After completing an eight-week rotation in a community hospital, two weeks of staff relief, and another two-week rotation at a different hospital, I was pretty confident in my clinical skills as a dietitian. Until I started my rotation at the Children’s National Medical Center…

Virtually every aspect of nutrition care in the pediatric population is different from adults. When my preceptor asked me about energy needs during the stress response, I responded confidentially with, “Energy needs are increased, of course!” Wrong.  During critical illness pediatric needs are decreased and the acute stress response actually inhibits growth. While calculating a TPN regimen for a patient, I was concerned over the glucose infusion rate. In adults you typically want this to be about 5mg/kg/min; however in infants, it can go up to 15 mg/kg/min! And you don’t calculate a child’s ideal body weight using an equation; you plot it on a chart. There are different growth charts for premature infants, infants from birth to 24 months, children and adolescents aged 2-20 years old, and even for certain conditions such as trisomy 21 and cerebral palsy. What I came to realize, CHILDREN ARE NOT LITTLE ADULTS.

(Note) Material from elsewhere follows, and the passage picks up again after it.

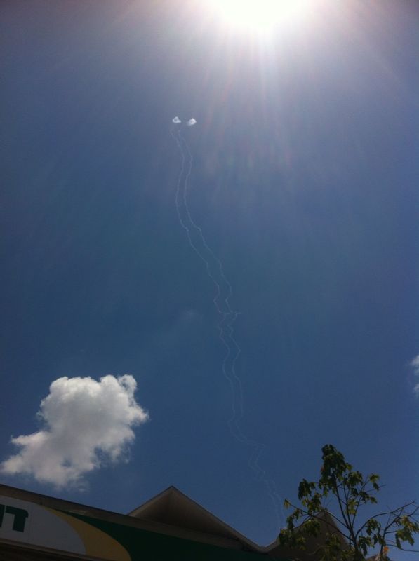אזעקה ובומים נשמעים באזור רחובות... 2 יירוטים ובודקים דיווחים על נפילה בשטח פתוח במערב רחובות... 12:30 כוחות שיטור עירוני מבצעים סריקות מערבית לרחובות בשטחים פתוחים עד עתה לא אותרה הנפילה ואין דיווחים על נפילות רסיסים בעיר

Infants and children are still growing and developing and therefore, require more calories, protein, vitamins/minerals and fluid per kilogram compared to adults. Pediatric patients are vulnerable to smaller changes in therapies, so even changing their continuous tube feeding regimen by 1 ml/hour can make a huge difference. With help from my awesome preceptors, I restored my confidence in my clinical skills!

In just the two weeks I got to spend at Children’s National I learned SO much. And this is one of the reasons I love clinical nutrition-you are on a constant learning curve and learn something new every day!